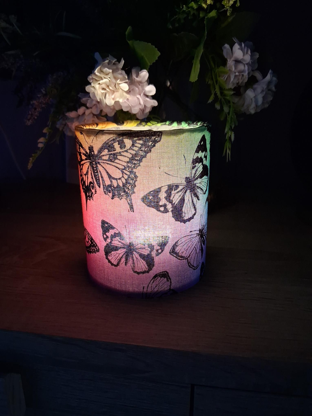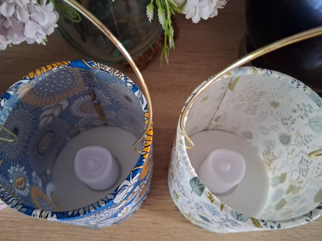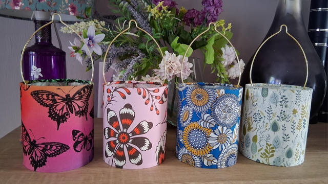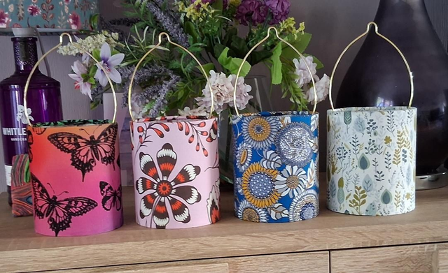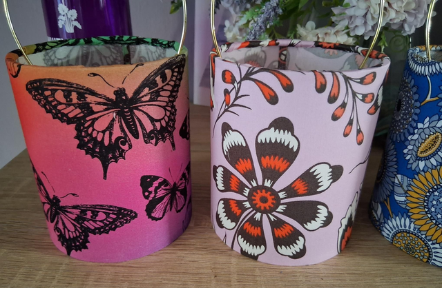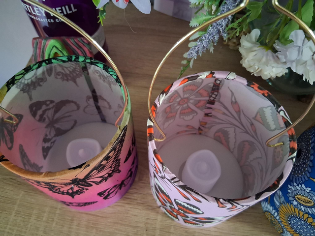 Handmade fabric tea light lanterns.
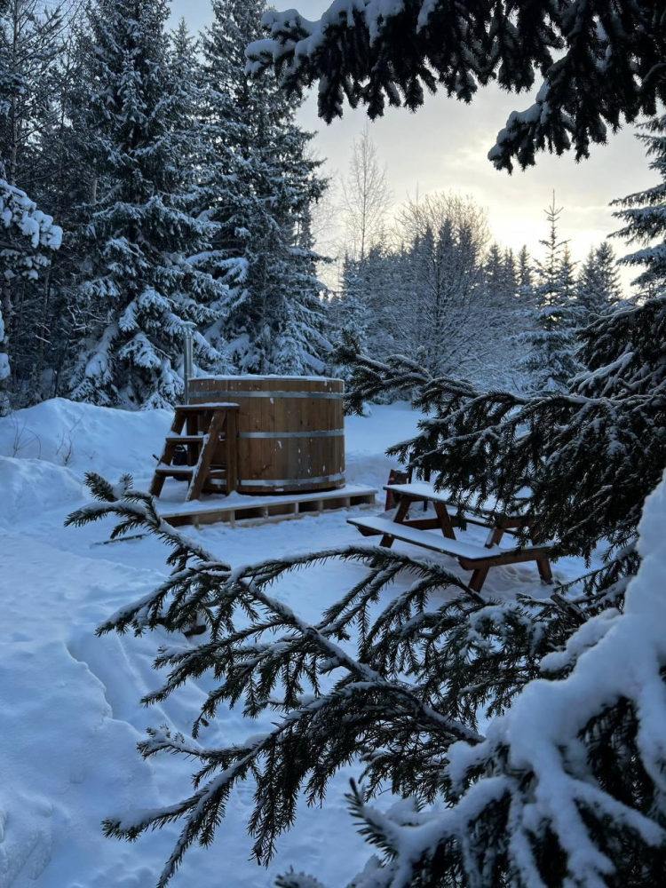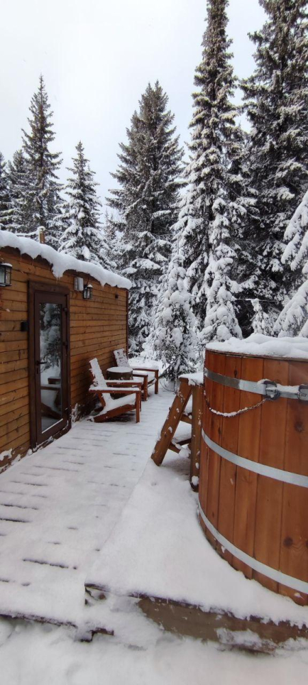 Горячий чан есть около домиков Семейный домик с большой купелью (Эльбрус), ДОМИК ДЛЯ ДВОИХ С ГОРЯЧЕЙ КУПЕЛЬЮ (Шерегеш).
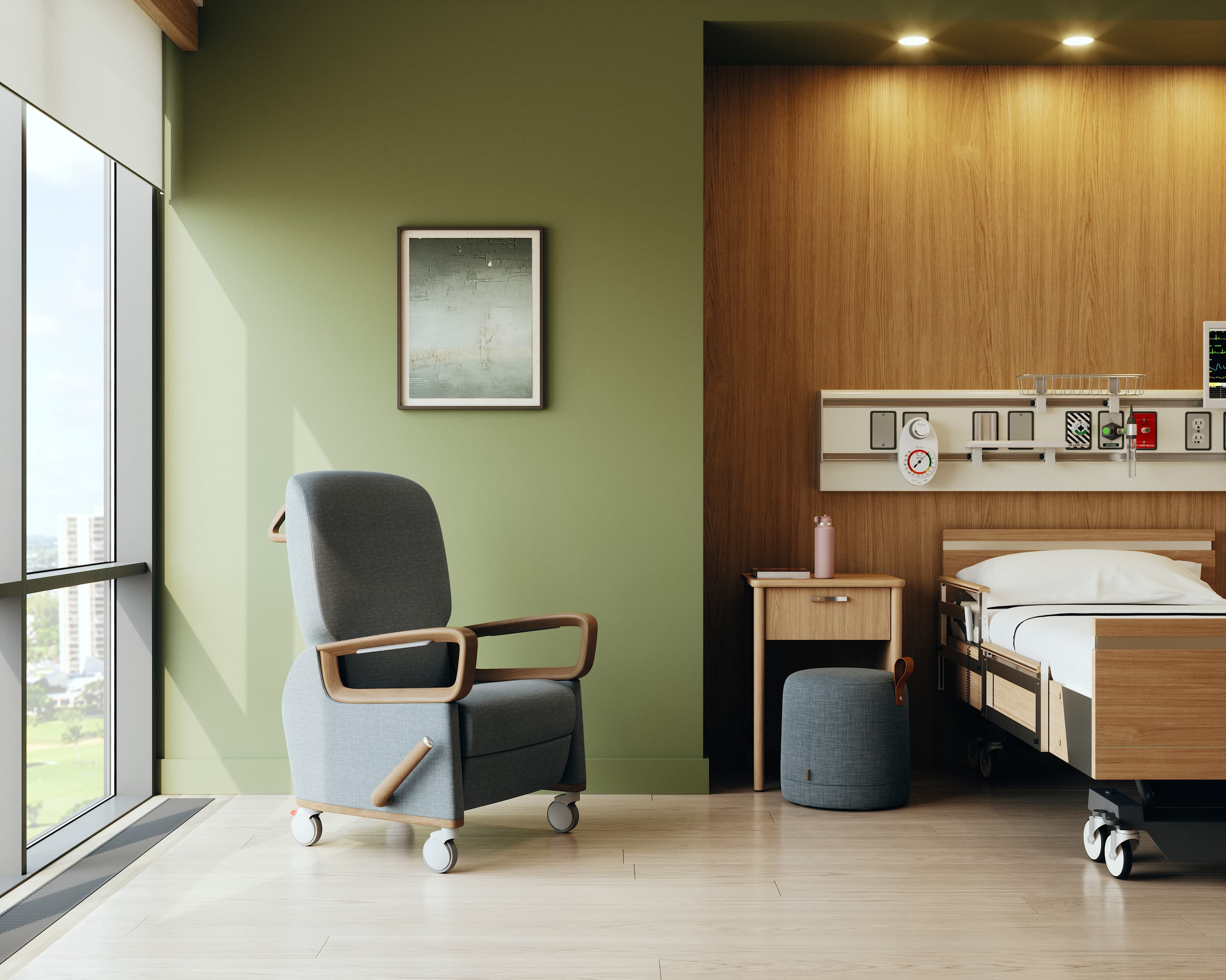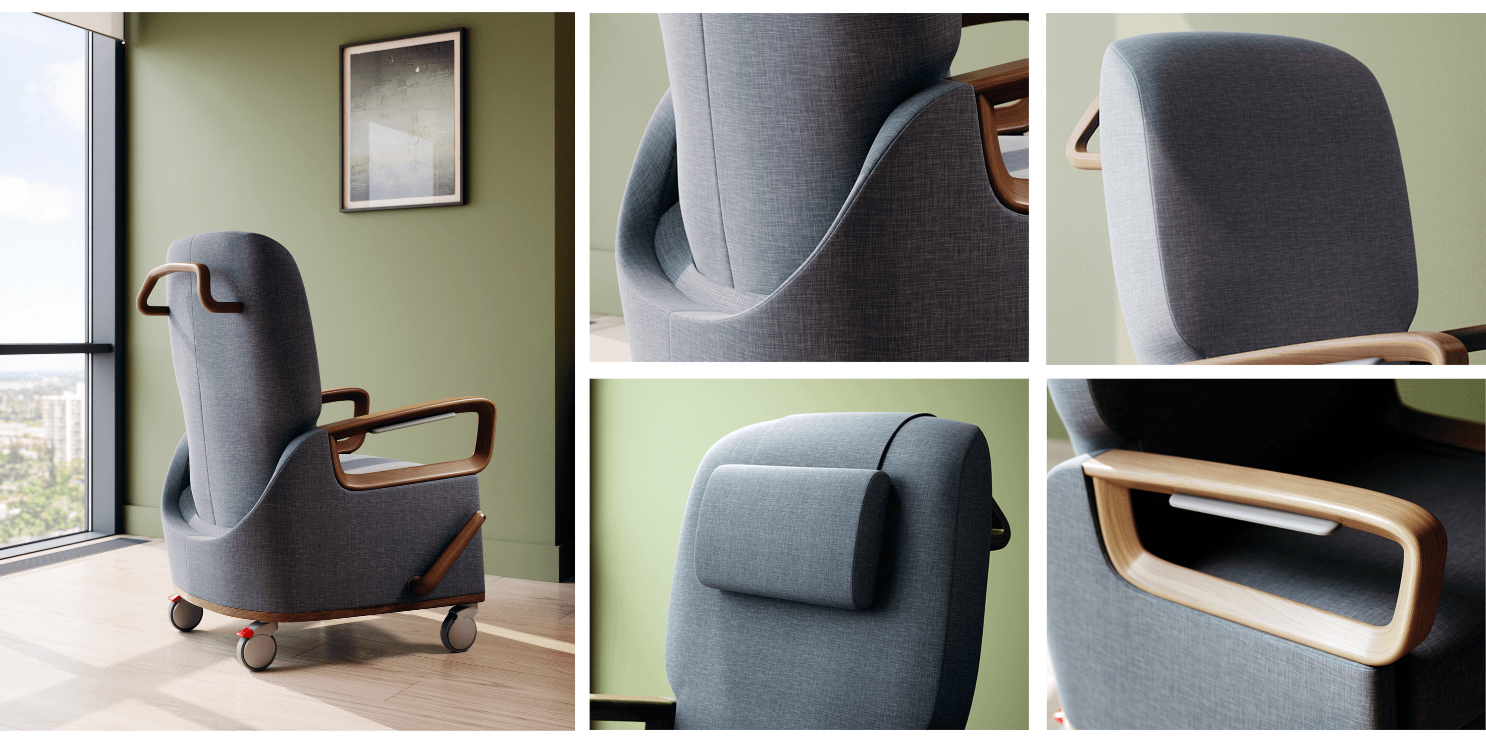 Ellie, a patient recliner Play Orbit designed for Kwalu, incorporates a range of user-centered, universal design features. But, one of the hardest-working features is its formal language. Drawing on research from neuroscience, biophilia, and Sensethetics, we broke away from the boxy, constructed forms typical of healthcare recliners. Instead, we created curving contours—fluid lines that evoke a sense of natural flow and erosion, that soften forms and embrace the user. It’s a language designed to 1) reduce stress for individuals who, at their most vulnerable, are in an environment that includes harsh reflective surfaces, flashing lights, shiny metals, dripping tubes, and that bed (!); and 2) convey understanding, embrace, and a familial sense of dependency and belonging to encourage the early mobility of the other soft natural form in this clinical context, the user.

## Problem to work on
For your answer, write out the data exactly and drop every picture.

## Answer box
 Handmade fabric tea light lanterns.
 Горячий чан есть около домиков Семейный домик с большой купелью (Эльбрус), ДОМИК ДЛЯ ДВОИХ С ГОРЯЧЕЙ КУПЕЛЬЮ (Шерегеш).
 Ellie, a patient recliner Play Orbit designed for Kwalu, incorporates a range of user-centered, universal design features. But, one of the hardest-working features is its formal language. Drawing on research from neuroscience, biophilia, and Sensethetics, we broke away from the boxy, constructed forms typical of healthcare recliners. Instead, we created curving contours—fluid lines that evoke a sense of natural flow and erosion, that soften forms and embrace the user. It’s a language designed to 1) reduce stress for individuals who, at their most vulnerable, are in an environment that includes harsh reflective surfaces, flashing lights, shiny metals, dripping tubes, and that bed (!); and 2) convey understanding, embrace, and a familial sense of dependency and belonging to encourage the early mobility of the other soft natural form in this clinical context, the user.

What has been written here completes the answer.